The market penetration of Battery Electric Vehicles (BEV) in Europe is not following the foreseen scenario. This is related to several factors, such as uncertainty of the second-hand value of BEV, real driving range under cold conditions and availability of charging stations. Even if the European Community is still planning a full ban of Internal Combustion Engines (ICE) by 2035, in the rest of the world a more technology neutral approach is being pursued. Car manufacturers are developing different powertrain architectures, from mild- to full-hybrid and Range Extenders (REEX). In this context of different emission regulations, and wide range of powertrain architectures, the focus of the development will be the increase of catalyst efficiency without any big impact on exhaust aftertreatment cost.

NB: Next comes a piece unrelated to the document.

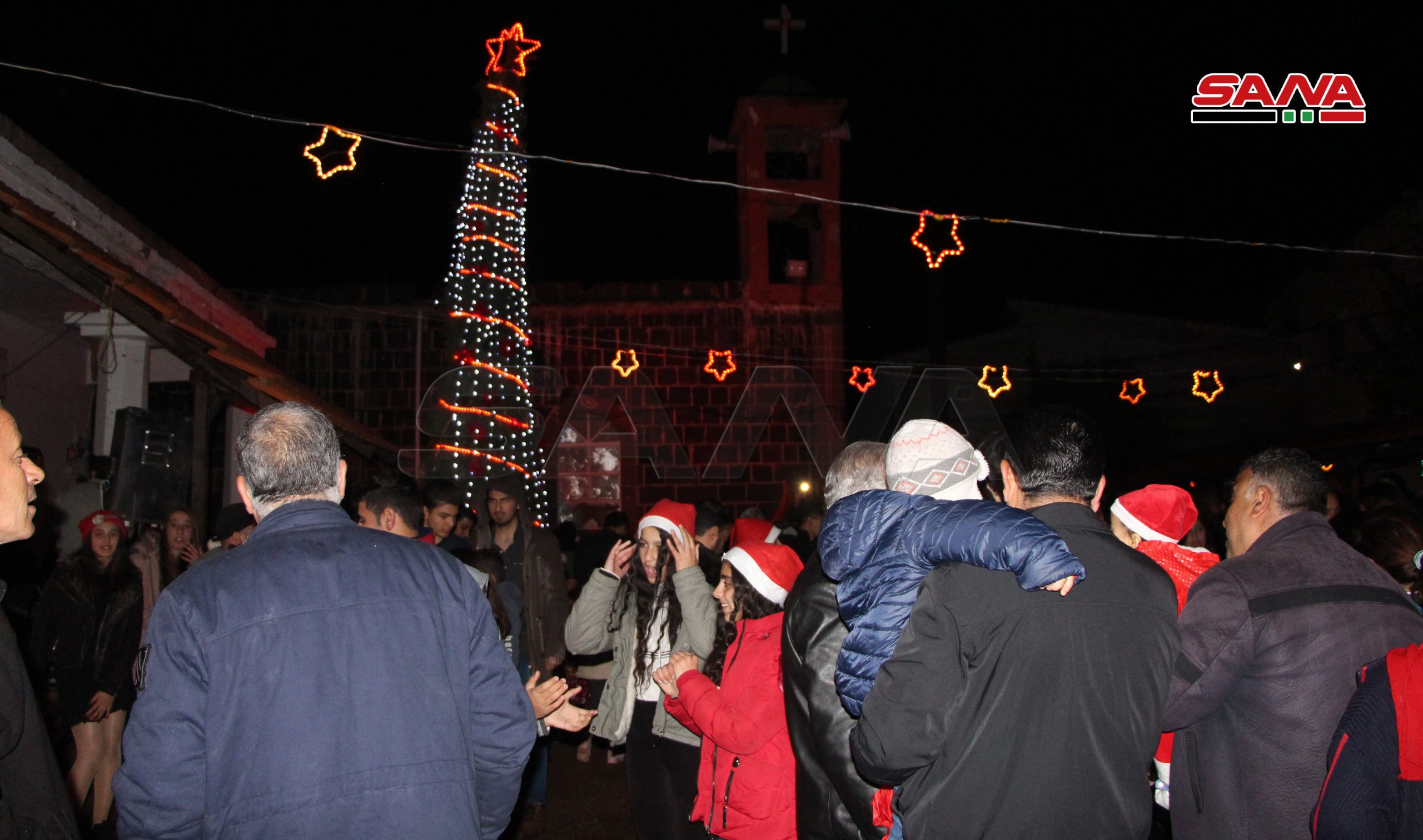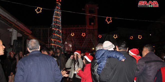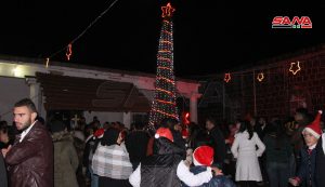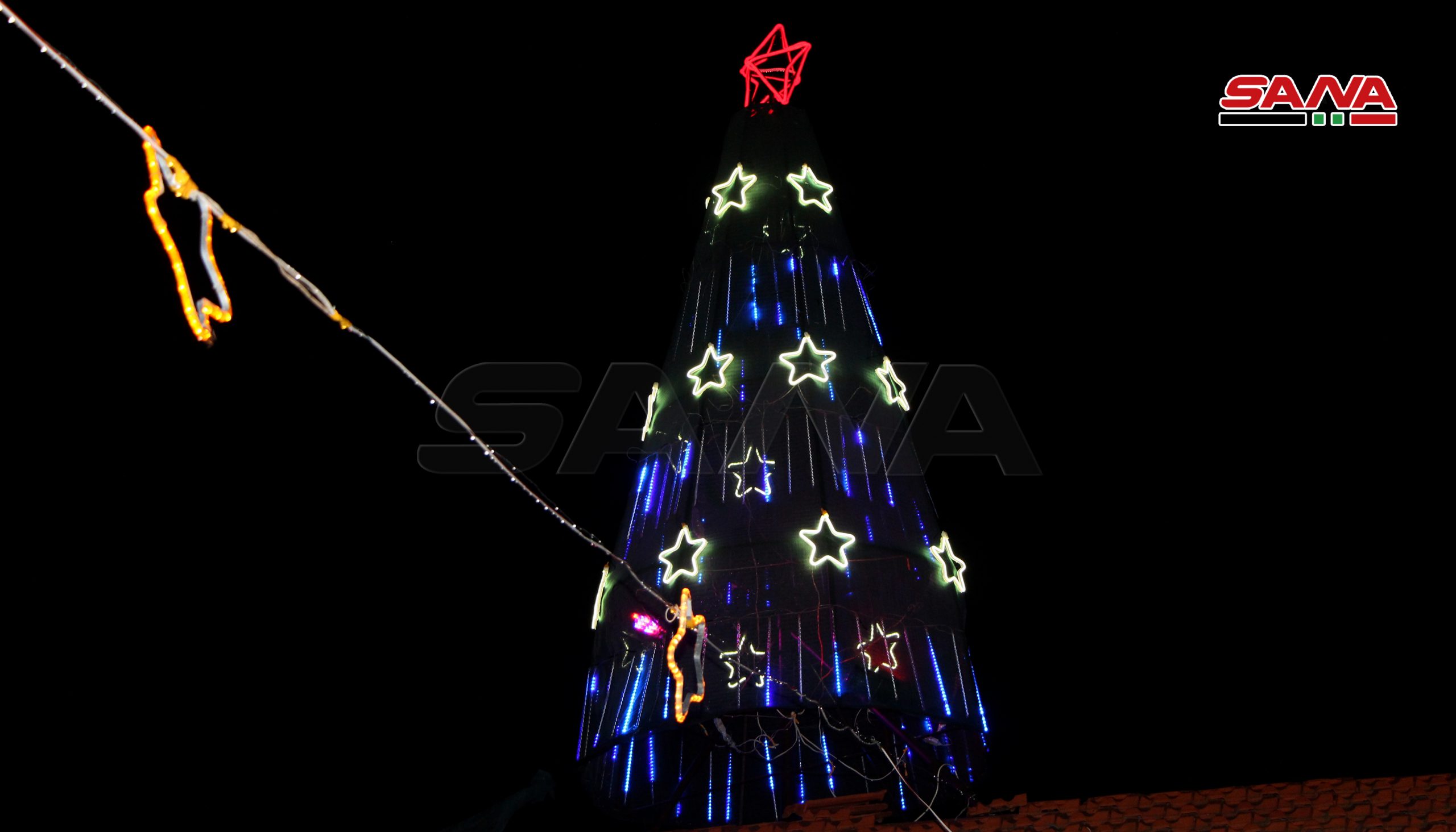 درعا -سانا درخت کریسمس در شهر ازرع در درعا روز پنج شنبه به عنوان بخشی از جشن های کریسمس و سال نو، روشن شد. درعا 2019-12-13 thana

In previous work [1] the authors have used a 1D simulation approach to support the optimization of metallic TWC substrate for the High Power Cold Start use case. Additionally, a 3D CFD was used to investigate the effect of flow rate peaks where maldistribution appears to have a major impact on the overall abatement efficiency. Additionally, a complete validation of the 3D tool was made using roller bench data, measured by Aurobay on a representative production car. This step served also as an opportunity to deeply validate the tool. The limitation of the heat losses, along with a tailored choice of the thermal mass and properties of the substrate, allowed to guarantee the desired abatement.
In this work a comprehensive 3D CFD approach is used to assess the possibility to simulate the efficiency of a metallic substrate during typical emissions cycles. Moreover, a dedicated test, using lambda-step, will be used to assess the response of metallic substrates to lambda perturbation.